Which problem is a regression task?

A Predicting spam vs not spam

B Predicting tomorrow's house price

C Grouping customers into segments

D Detecting the language of a tweet

Question 2

Why must you keep a separate test set?

A To train faster

B To measure performance on data the model never saw

C To save memory

D It is optional

Question 3

What three methods define scikit-learn's estimator API?

A open, read, close

B fit, predict, score

C load, clean, save

D add, commit, push

Question 4

What does logistic regression output before thresholding?

A A category directly

B A probability between 0 and 1

C An RMSE

D A cluster id

Question 5

In a confusion matrix, a false negative (FN) is…

A a positive predicted as positive

B a real positive predicted as negative (a miss)

C a real negative predicted as negative

D a real negative predicted as positive

Question 6

Why can accuracy be misleading on imbalanced data?

A It is always wrong

B A model can score high by always predicting the majority class while catching no positives

C It is too slow

D It needs scaling

Question 7

Recall answers which question?

A Of flagged positives, how many were correct?

B Of the real positives, how many did we catch?

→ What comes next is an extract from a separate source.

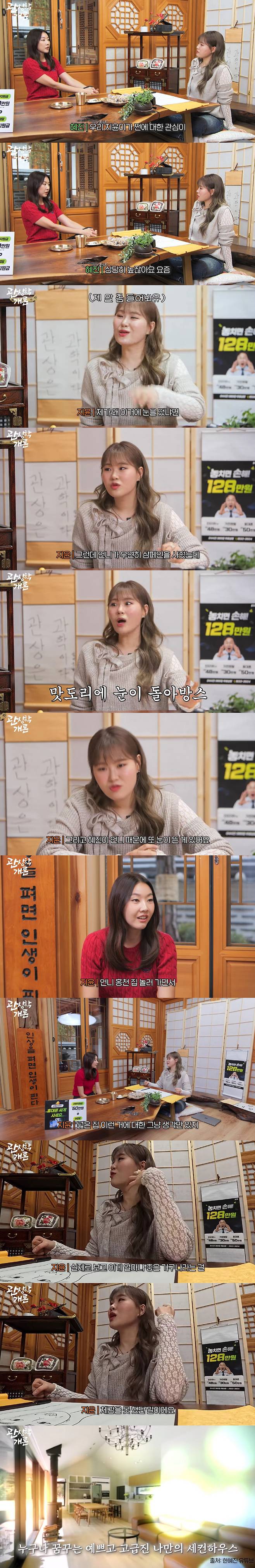 엄지윤은 한혜진 때문에 또 눈에 뜬 게 있다면서 "언니 홍천 집 놀러갔는데, 정원 있고, 마당 있고, 넓은 집 이런 걸 평소에 체감 못 했는데 너무 좋더라. 그리고 언니 집 인테리어 이런 거 보면서 너무 좋아 보이더라"라며 감탄했다.

C What is the average error?

D How fast is the model?

Question 8

What is the benefit of k-fold cross-validation over a single split?

A It is faster

B It rotates the validation fold to give a stable mean and spread

C It needs no test set

D It removes outliers

Question 9

What is data leakage?

A Losing data files

B Test information influencing training (e.g. scaling with the test set)

C Too many features

D A network error

Question 10

What does a scikit-learn Pipeline guarantee?

A Faster training only

B Preprocessing is fit only on training data within each fold (leak-free)

C Higher accuracy always

D No need to split data

Question 11

A model scores 0.99 on training but 0.62 on test. This is…

A underfitting

B overfitting

C perfect

D data leakage in your favour

Question 12

Which is a cure for overfitting?

A A more complex model

B Regularisation (Ridge/Lasso) and more data

C Removing the test set

D Training longer on the same data